Since pictures are not wanted, repeat only the text of the records, word for word.

**Provided records**
────────────────────────────────────────

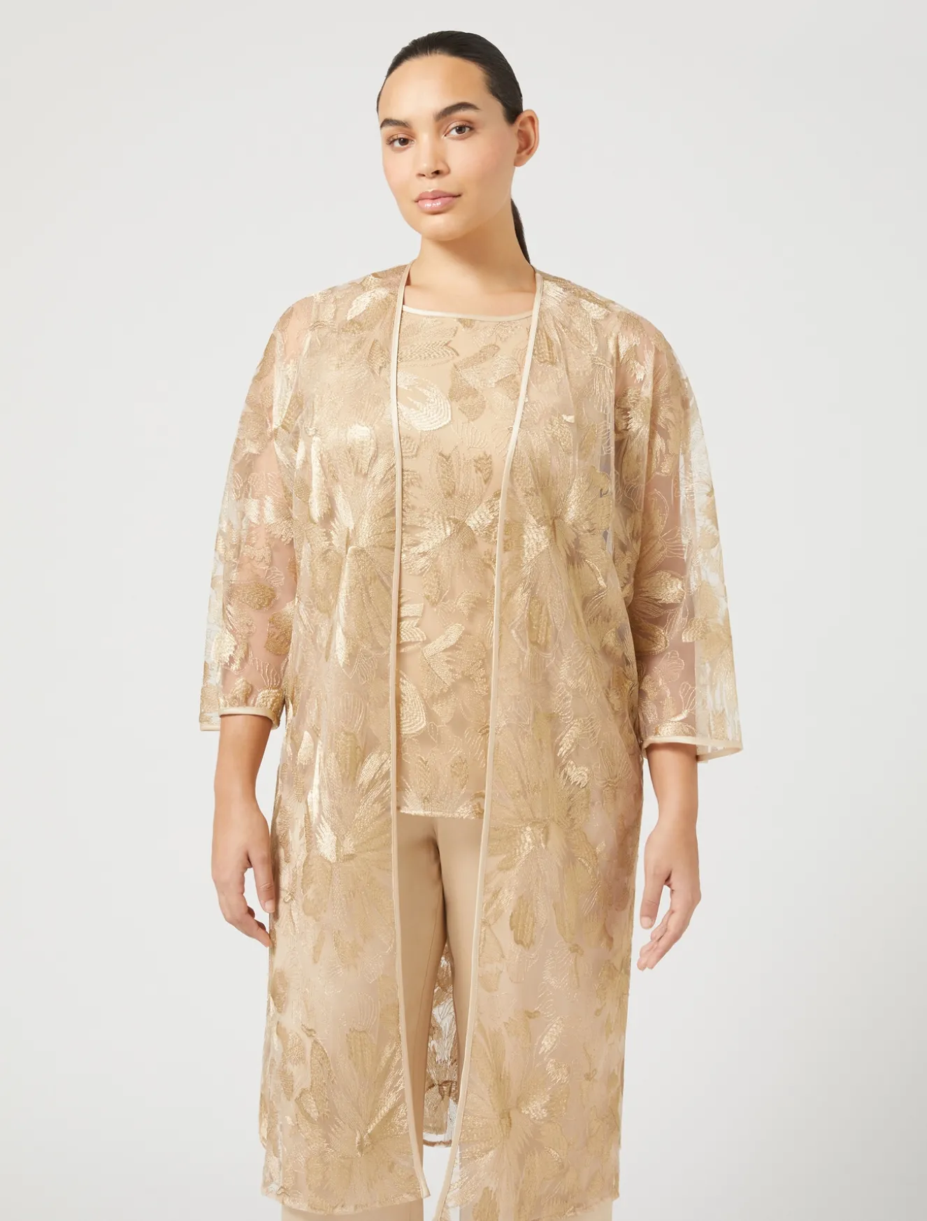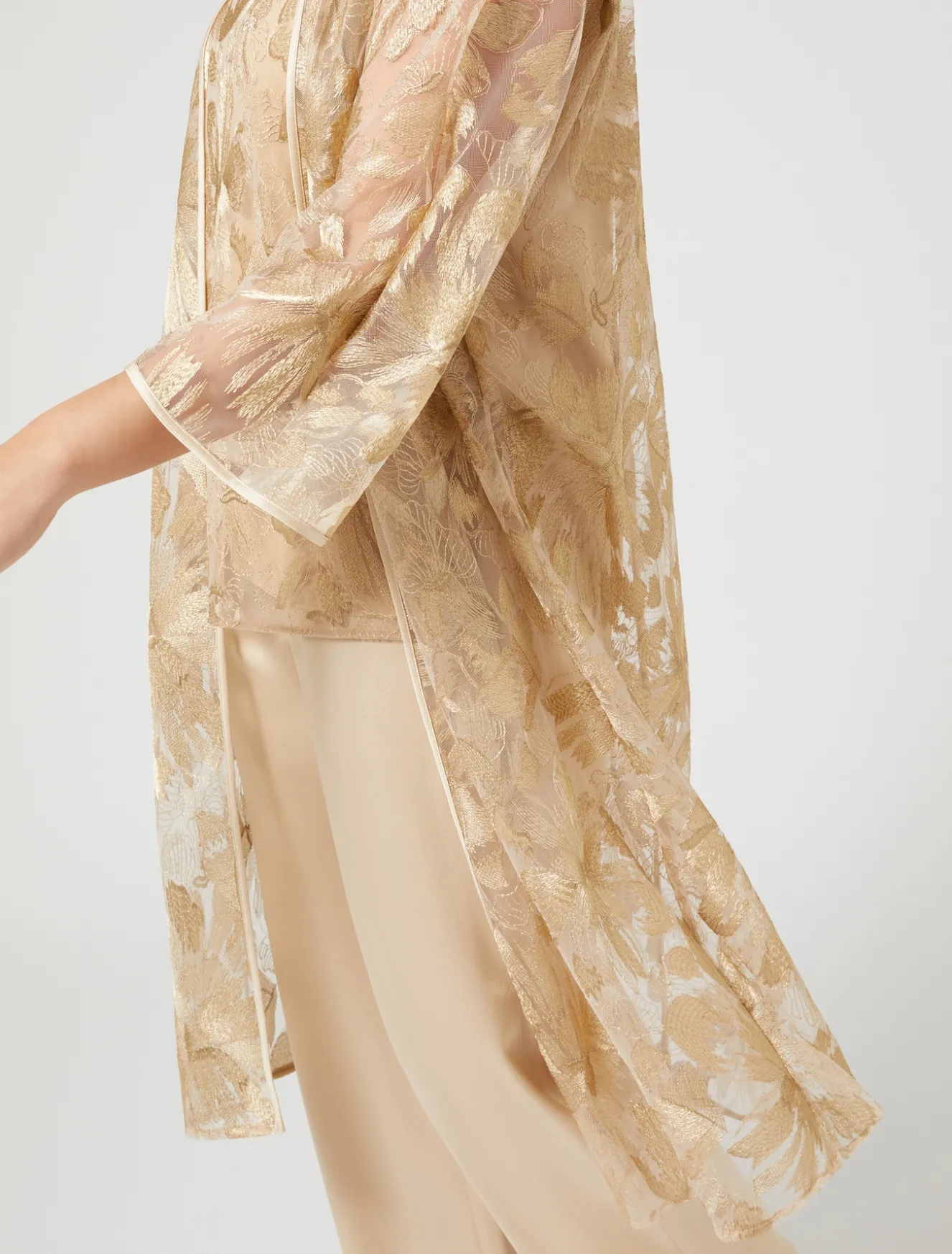 Kasack aus Tüll mit Kimonoärmeln, Paspelierung mit farblich abgestimmtem Ripsbandbesatz und charakteristischem Blumenmuster. Ein wertvolles und aktuelles Modell, das jedes Outfit für jeden Anlass aufwertet. Das Kleidungsstück ist Teil der Kollektion Elegante.
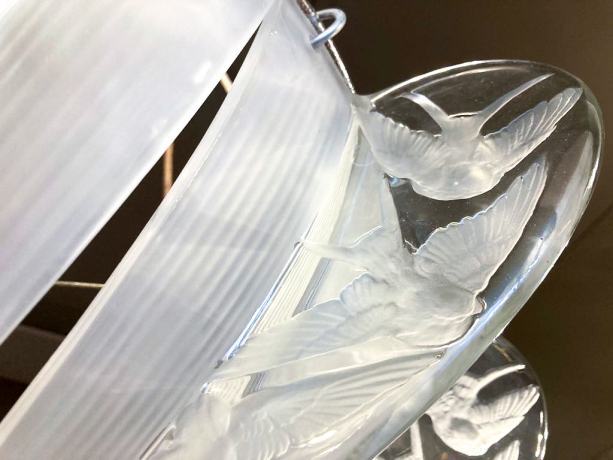 La calotta inferiore forma un nido stilizzato in bassorilievo, L'insieme è sorretto da sei cavi decorati con passamaneria. Firmato con un "R. Lalique".
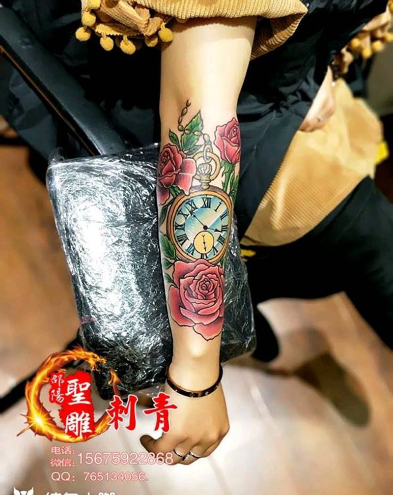 女神花臂-时光·玫瑰!纹身图片_手臂手部成品纹身图案
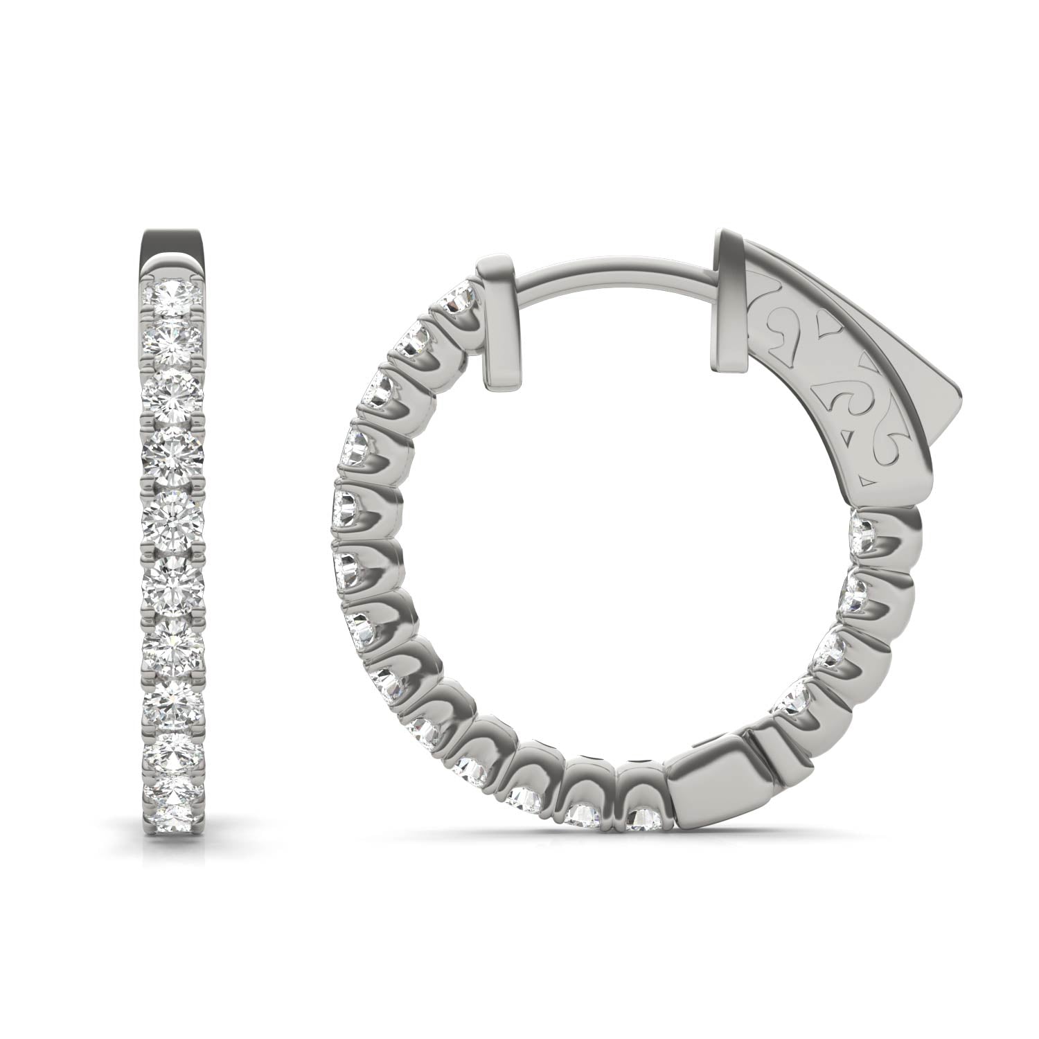 0.68 CTW DEW Round Forever One Moissanite Hoop Earrings in 14K White Gold
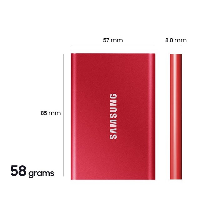 Kích thước bỏ túi và mỏng, thân máy nhẹ là tiêu chuẩn trên T7. Có kích thước gần bằng một chiếc thẻ tín dụng và nặng 58 gram, kết cấu nhôm nguyên khối chắc chắn nằm gọn trong lòng bàn tay của bạn.
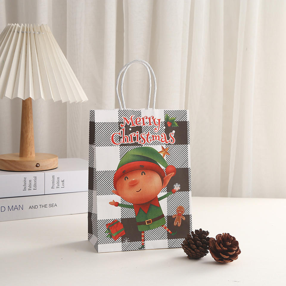 ถุงของขวัญกระดาษคราฟท์พิมพ์ลายการ์ตูนสโนว์แมนคริสต์มาสแบบขายส่ง กันน้ำ กันกระแทก กันฝุ่น สีและขนาดปรับแต่งได้

────────────────────────────────────────

**Answer to the problem**
 Kasack aus Tüll mit Kimonoärmeln, Paspelierung mit farblich abgestimmtem Ripsbandbesatz und charakteristischem Blumenmuster. Ein wertvolles und aktuelles Modell, das jedes Outfit für jeden Anlass aufwertet. Das Kleidungsstück ist Teil der Kollektion Elegante.
 La calotta inferiore forma un nido stilizzato in bassorilievo, L'insieme è sorretto da sei cavi decorati con passamaneria. Firmato con un "R. Lalique".
 女神花臂-时光·玫瑰!纹身图片_手臂手部成品纹身图案
 0.68 CTW DEW Round Forever One Moissanite Hoop Earrings in 14K White Gold
 Kích thước bỏ túi và mỏng, thân máy nhẹ là tiêu chuẩn trên T7. Có kích thước gần bằng một chiếc thẻ tín dụng và nặng 58 gram, kết cấu nhôm nguyên khối chắc chắn nằm gọn trong lòng bàn tay của bạn.
 ถุงของขวัญกระดาษคราฟท์พิมพ์ลายการ์ตูนสโนว์แมนคริสต์มาสแบบขายส่ง กันน้ำ กันกระแทก กันฝุ่น สีและขนาดปรับแต่งได้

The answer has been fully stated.